MGM, Glendale and Forest Lawn patrolmen kept the public well out of sight as 200 of Miss Harlow’s friends, relatives and colleagues gathered at the Wee Kirk, whose nave had been converted into a scented bower by $15,000 worth of flowers. Clark Gable,* Miss Harlow’s Business Manager Edward J. Mannix, MGM Producer Hunt Stromberg, Director Jack Conway, Cameraman Ray June, Director William S. Van Dyke were pallbearers. Jeanette MacDonald sang Indian Love Call. Nelson Eddy sang Ah, Sweet Mystery of Life. A Christian Science reader-practitioner named Mrs. Genevieve Smith, longtime friend of Miss Harlow, read from the Psalms and from Science & Health by Mary Baker Eddy (Nelson Eddy is no kin), recited the Lord’s Prayer and a trenchant 48-word eulogy. The body was then taken to a $25,000 mortuary chamber purchased by William Powell, the inconsolable actor who was to have become Miss Harlow’s fourth husband. Thus was concluded another notable interment at the institution which Promoter Hubert Eaton has made as indispensable to Hollywood’s great dead as a footprint in the cement at Sid Grauman’s Chinese Theatre is to its living.

Twenty years ago Forest Lawn was a debt-ridden, unprepossessing necropolis. Hubert Eaton, a realtor and onetime mining engineer, was assigned to manage it. He was immediately struck by the ugliness of its tombstones, by the fact that most cemeteries are “unsightly stoneyards, full of inartistic symbols and depressing customs.” Mr. Eaton placed a ban on stones, substituting bronze markers laid flush with the grass. He forsook the word “cemetery” for more euphonious Memorial Park. Today under his chairmanship it has expanded to 200 acres,contains in one form or another the dust of some 55,000 humans, with room for about 150,000 more, and is divided into sections with names like Babyland, Vale of Memory, Resthaven, Eventide, Slumberland.

Chairman Eaton has spared no expense to beautify his Park. At the foot of Mount Forest Lawn is an enormous marble group called Mystery of Life, at its top an 87-ft. Tower of Legends. Over the threats and legal objections of California morticians, Forest Lawn was the first large cemetery in the U. S. to install its own mortuary.
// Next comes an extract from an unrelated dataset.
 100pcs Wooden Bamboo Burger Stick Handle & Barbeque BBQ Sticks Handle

There is also an Administration Building, copied from an English manor house and full of antiques, a flower shop, a crematory where last year 16% of the dead were received and a towering $4,500,000Mausoleum-Columbarium, with a Memorial Court of Honor, Memorial Terrace, Sanctuaries of Meditation, Vespers, Benediction, Trust and Truth. For Jean Harlow, William Powell chose the Sanctuary of Benediction.
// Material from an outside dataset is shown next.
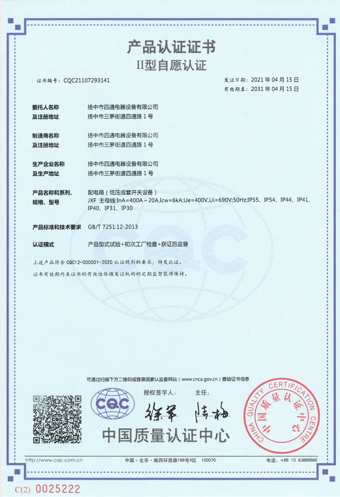 • 配電箱(低壓成套開關(guān)設(shè)備)JXF400A-20A產(chǎn)品認證證書

Forest Lawn’s first funeral chapel was the Little Church of the Flowers, a quarter-mile downhill from the Wee Kirk. When asked in 1923 if a marriage might be performed in the Little Church, Chairman Eaton replied, “Why not?” Since then 7,000 nuptials have taken place, to the increasing distaste of Southern California ministers, in that church and in the Wee Kirk which was built in 1929 as a copy of the Scottish church where Annie Laurie worshipped. Ginger Rogers married Lew Ayres in the Little Church of the Flowers but there have been no cinemarriages at the Wee Kirk. The latter, however, has an impressive record of interment ceremonies. It was the scene of services for Will Rogers and Marie Dressier. Prior to last week, last big film funeral at Forest Lawn was that of Irving Thalberg, whose remains were taken from B’nai B’rith Synagog for interment in a $25,000 room in the Mausoleum. Jack and Lottie Pickford are in a family room in the Mausoleum, Flo Ziegfeld and Marie Dressier in crypts. Other famed Forest Lawn dead: Lon Chaney, Wallace Reid, Rudolph Valentino, King Gillette, Senator Frank Flint, Edward L. Doheny Jr., Alexander Pantages, Guy Bates Post. Harold Lloyd, Composer Carrie Jacobs Bond and Jess Willard will lie in the Mausoleum some day.
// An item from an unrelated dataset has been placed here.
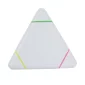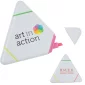 Mettez en valeur votre logo d'entreprise avec ce surligneur néon en forme de triangle. Le boîtier en plastique présente 3 couleurs néon vives, une à chaque pointe, en vert, jaune et rose. Conforme à la CPSIA, Prop 65. 3,5" L x 3,5" l x 0,33" P.

*Often Miss Harlow’s leading man, Mr. Gable was working with her on Saratoga when she was stricken. One sequence in this racehorse film prophetically required Miss Harlow to be gravely examined by a physician with a stethoscope. Saratoga, announced M-G-M last week, will now be re-written to suit a “new and entirely different persona”ty.” According to Louis B. Mayer, she will be a comparatively unknown brunette from Worcester, Mass., named Rita Johnson who won recognition on Broadway this season in George M. Cohan’s Fulton of Oak Falls. Miss Johnson thereupon declined the role.